Initial Award Abstract
Cancers caused by smoking, like all cancers, arise when cells in the body stop abiding the normal rules of proliferation and start dividing uncontrollably, hurting the rest of the body in the process. In order to achieve such growth, cancer cells need a higher than usual amount of proteins, the building blocks of all cells and life. Normally, protein production starts with the DNA, which contains the sequences of all proteins, which is copied into mRNA which is then translated into proteins by specialized structures called ribosomes. Because this process of translation is key in producing proteins, cancer cells try to hijack the ribosome and the rest of the translational machinery in order to alter which and how much proteins are produced. One component that is hijacked by cancer is a protein called DDX3, which in its normal function untangles mRNA to allow it to be translated. Because DDX3 only untangles specific mRNA structures, it affects only a specific subset of mRNAs and hence it can promote the production of only a subset of proteins. Different cancers, including cancers related to tobacco, take advantage of DDX3 in different ways to promote the production of different proteins, based on what is more useful to each cancer type. In order to be able to treat these tumors, we need a better understanding of DDX3 and what it does in order to counteract its activity. The research outlined in this proposal will investigate what makes up this subset of mRNAs and proteins and how increasing their production contributes to the spread of cancer.
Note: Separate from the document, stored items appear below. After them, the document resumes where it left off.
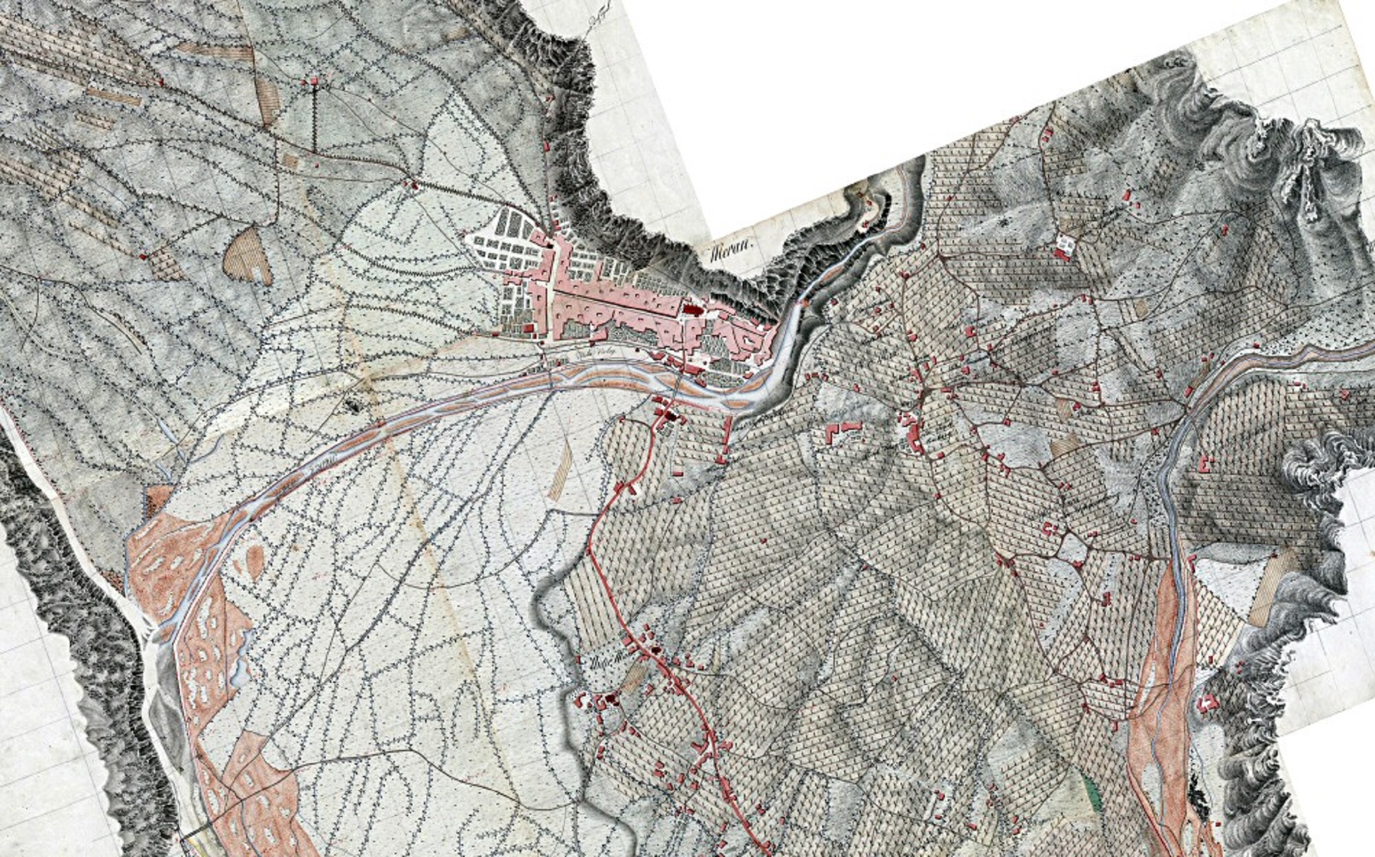 Über weite Strecken ist die Etsch ein Gebirgsfluss, der nach rund 220 km die Alpen verlässt und in die Poebene sich ergießt. Mit einer Länge von 415 km ist die Etsch der zweitgrößte Fluss Italiens. Gut die Hälfte ihrer Strecke entfiel auf Alttiroler Territorium, die Grafschaft oder das österreichische Kronland Tirol. Dort begleiteten Auen, Schilfgürtel, aber auch Sümpfe den Fluss, der berüchtigt war wegen seiner ständigen Überschwemmungen. Der Landwirtschaft wurde dadurch nicht nur fruchtbares Land geraubt und vorenthalten, in den Sümpfen lauerte die Malaria und gefährdete die Menschen. Seit den späten 18. Jahrhundert gab es von staatlicher Seite Überlegungen, die Etsch von Meran abwärts systematisch zu regulieren, den Hochwasserschutz auszubauen. Diesem Umstand verdanken wir die erste Aufnahme der Etsch zwischen Meran und Besenello, die Ignaz von Nowack, Major des Genie-Korps der österreichischen Armee, zwischen 1802 und 1805 vorgenommen hat.
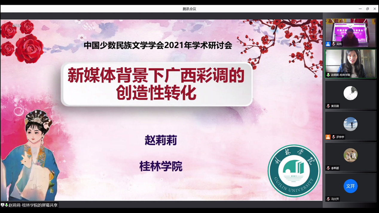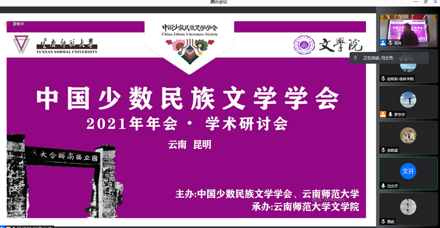 11月27日,中国少数民族文学学会2021年学术研讨会在云南昆明举行。由于受到疫情影响,本次研讨会采取线上线下相结合的方式举行。来自全国各地各民族的200多名学者参加本次会议,提交论文近200篇,主要围绕民族文学、民族音乐、少数民族文化的保护和传承、以及国内外学者对我国少数民族的研究等方面进行研讨。我校教师赵莉莉宣读论文《新媒体背景下广西彩调的创造性转化》,向与会的专家学者介绍了我校教师在广西彩调创造性转化方面的思考和探索,以及亟待解决的问题。同时,也向中国少数民族文学研究学者们学习了研究思路和方法。
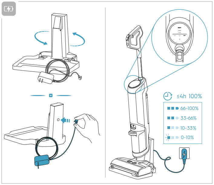 3. Placez l'aspirateur entièrement assemblé sur le support de charge. Branchez le câble d'alimentation à la prise et attendez la charge complète (environ 4 heures) avant d'utiliser l'appareil.

First, I will make different mRNA sequences and structures to determine which ones are being untangled by DDX3. Secondly, I will use a technique called ribosome profiling to determine which proteins are produced when DDX3 increases in cells exposed to tobacco. Finally, I will grow different cancer cells in the lab that have different amounts of DDX3 in order to investigate which cancers take advantage of DDX3. We will determine if they used the proteins that are produced thanks to DDX3 to move, grow, metastasize, and/or replicate. In conclusion, once this study will be over, we will know more about one mechanism that cancer uses to grow and spread, and we will be able to develop new drugs to stop cancer from employing DDX3 in such a way.